On RISC architecture machines, most instructions take a single machine cycle. Instructions such as load and store instructions can take longer and can stall, depending on the instruction stream that follows each instruction. Quantify uses this machine-specific information to estimate the number of instruction cycles each basic block will take, including the expected number of stall cycles.

Quantify inserts code that adds the expected cycle count to a basic block cycle accumulator each time the basic block is entered. These accumulators have 64-bit precision, providing accurate counts even in programs or blocks that execute for a very long time.

The counts Quantify reports reflect the time the original program would have taken without Quantify.
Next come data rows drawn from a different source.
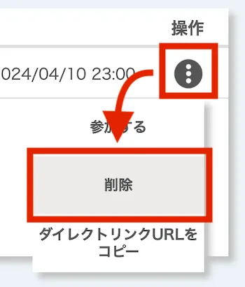 アイコンを押してから,「削除」を選択してください.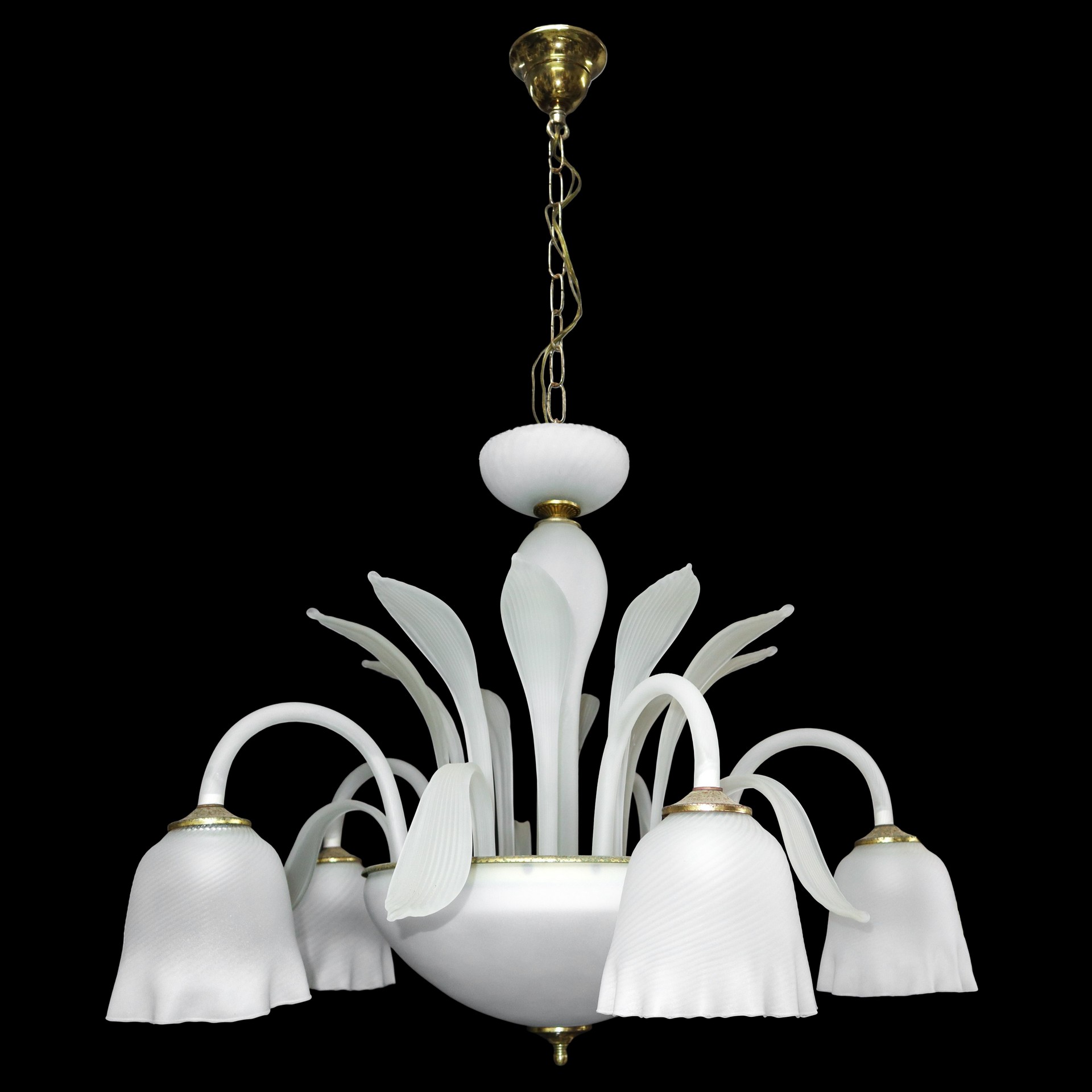 Lampadario in vetro di murano bianco satinato a 5 luci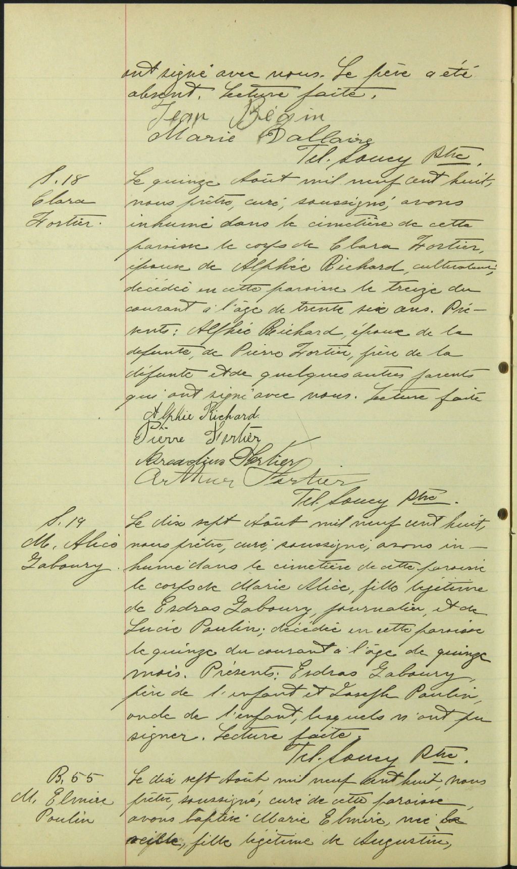 - Cette série regroupe les registres originaux de l'état civil, lesquels contiennent les enregistrements de baptêmes, de mariages et de sépultures consignés par le curé ou son représentant desservant la communauté de confession catholique de la paroisse Saint-Ludger. On retrouve également, en règle générale, un index nominatif à la fin de chaque registre.Le registre de 1918 comprend quelques actes de la paroisse de Saint-Hubert de Spaulding (CE503,S19)Avant 1876, voir Saint-Samuel de Gayhurst (CE503,S13). Pour 1913, voir aussi Saint-Hubert de Spaulding (CE503,S19)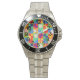 Diese Herren-Uhr hat ein Bauhaus-Design von Quadraten mit seltsamen Formen innen, wiederholt über das Design.
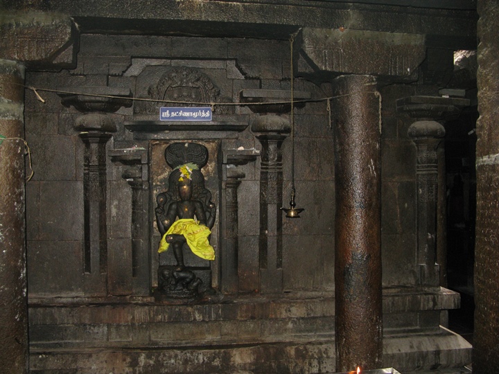 விமானத்தின் தென்புறச் சாலைப்பத்தியின் கோட்டத்தில் ஆலமரத்தின் அடியில் வீராசனத்தில் அமர்ந்திருக்கும் நிலையில் அண்ணலின் சிற்பம் வடிக்கப்பட்டுள்ளது. சடைமுடியுடன் தலையில் பிறையையும் நெற்றிக்கண்ணையும் கொண்டுள்ள இவரது செவிகளை வலப்புறம் மகரகுண்டலமும் இடப்புறம் பனையோலைக்குண்டலமும் அலங்கரிக்கின்றன. கழுத்தில் சரப்பளியையும் முத்துமாலையையும் பெற்றுள்ள இவரது வஸ்திர முப்புரிநூல் உபவீதமாக அமைந்துள்ளது. உதரபந்தமும் இடைக்கட்டும் பெற்றுள்ளார். இவரது வலமுன்கை சின்முத்திரையில் அமைந்து வலப்பின்கை அக்கமாலையைப் பெற்றுள்ளது. இடது கைகள் கடக முத்திரையில் இருக்க, முன்கையில் ஓலைச்சுவடியும் பின்கையில் பாம்பும் இடம்பெற்றுள்ளன. இரு கால்களிலும் காற்சலங்கைகள் இருக்க, வலதுகால் முயலகன் மேல் இருத்தப்பட்டுள்ளது.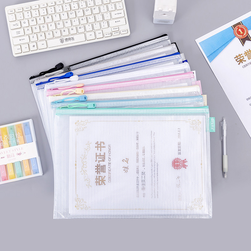 📚 A4透明网袋A3网格拉边袋资料收纳防水文件袋学生A5网状拉链袋批发

The reported times are exclusive of any Quantify run-time overhead.

How Quantify identifies basic blocks

To understand how Quantify identifies basic blocks, consider this example program:

The block numbers indicate the extent of the basic blocks in the function test when compiled using the -g debugging option.

Here is the basic block flow structure of the test function:

Here is an example of the cycle counts for the program compiled using cc -g on a SPARCstation ELC:

To execute the first call to test(0, 1, 3, 8) in main, the program enters blocks 1, 3, 5, 6 and 7, which takes 51 cycles. The table below compares the difference in cycle counts between optimized and non-optimized code. The optimized version is noticeably faster, primarily because all the calculation occurs in registers, thereby avoiding the need to load and store values from memory.
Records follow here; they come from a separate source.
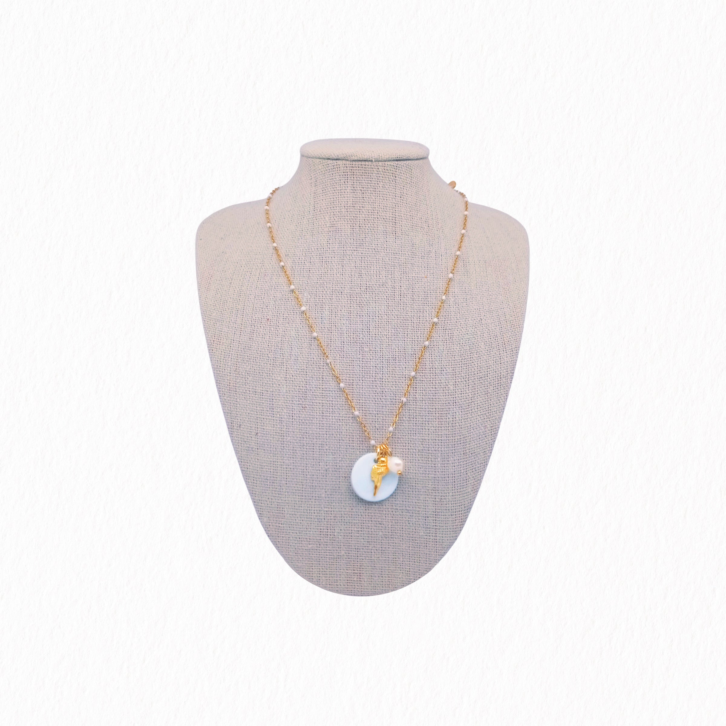 Joli collier avec une fine chaine perlées et une nacre blanche.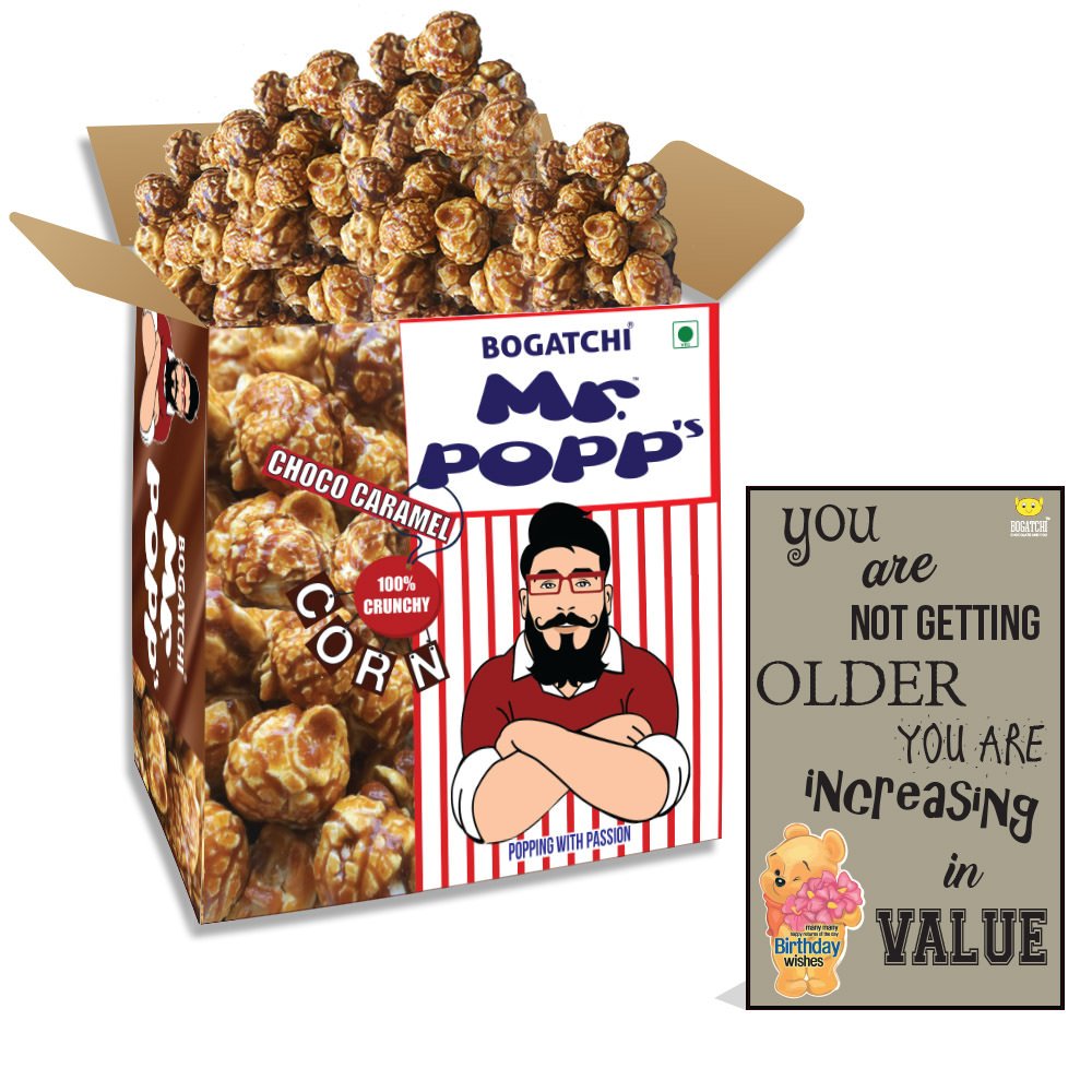 Bogatchi mr. Popp corn are handcrafted in old-fashioned copper kettles one batch at a time this popcorn is a crunchy and buttery caramel delight. Crafted in the India from quality ingredients. This caramelized popcorn is gluten-free cholesterol free and features non-gmo popcorn. It is high in dietary fiber and calcium. This caramel popcorn makes a great snack on the go for school work and home. Perfect snacks for movie time binge watching tv series marathon exam time snacking or just to make your self feel good. Bogatchi mr.Popp corn makes the best gift for celebration occasions like rakhi diwali anniversary birthday x-mas with loved ones. The chocolate caramel popcorn has dark chocolate dripped on the top of caramelized popcorn making these yummy. You will find chocolate on each and every bite of the popped corns. Enjoy with family and friends!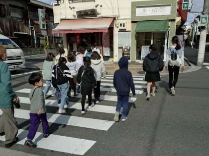 23日(土)小学校前に集合して、駒川商店街にて開催のこどもマルシェに出発です!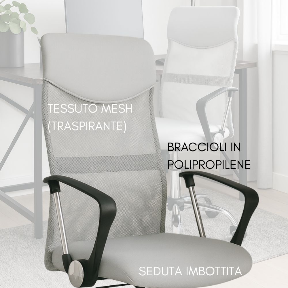 Caratteristiche: Sedia da ufficio ergonomica, poltrona girevole completa di braccioli e altezza regolabile

Block	Nonoptimized	Optimized
1	26	4
3	3	2
5	8	1
6	6	1
7	8	3
Total cycles	51	11

Many optimizing compilers rearrange the execution order of machine instructions to take advantage of the RISC processor's ability to overlap operations. These instruction scheduling optimizations can have a significant impact on performance.

Since Quantify bases its analysis on the optimized instruction sequences produced by the compiler, Quantify's reports reflect any benefits of instruction scheduling performed by the compiler.

Note:

Quantify's analysis does not reflect the additional performance improvements possible on superscalar architectures using multiple pipelines and other hardware features such as dynamic branch prediction. On such machines, Quantify's estimates are pessimistic, predicting a slower run time than what actually might be possible.

How Quantify reports multiple basic blocks

In the Annotated Source window, lines marked with a plus sign (+) indicate the start and possible continuation of multiple basic blocks over one source line. This occurs in expressions such as:

if ((a > 0) && (b > 0)) {c++;}

The two clauses of the conditional expression and the increment clause are compiled as three separate basic blocks, but all these blocks are associated with the same line number. When Quantify displays the data, the number in the margin reflects the sum of the data recorded for all the basic blocks associated with that line.

If you select View > Multi-block lines > Show multi-block lines, the individual times for basic blocks, as ordered in the object file, are shown on comment lines inserted immediately after the initial multiple basic block line. In some cases, the compiler might order the basic blocks differently from the order of the source code.

Annotations and compiler differences

Quantify reports counts for basic blocks in the Annotated Source window using the line number information emitted by the compiler for debugging purposes. Different compilers emit different line information in addition to different machine instruction sequences for a source file. Quantify's annotated source reports can reflect some of these internal differences.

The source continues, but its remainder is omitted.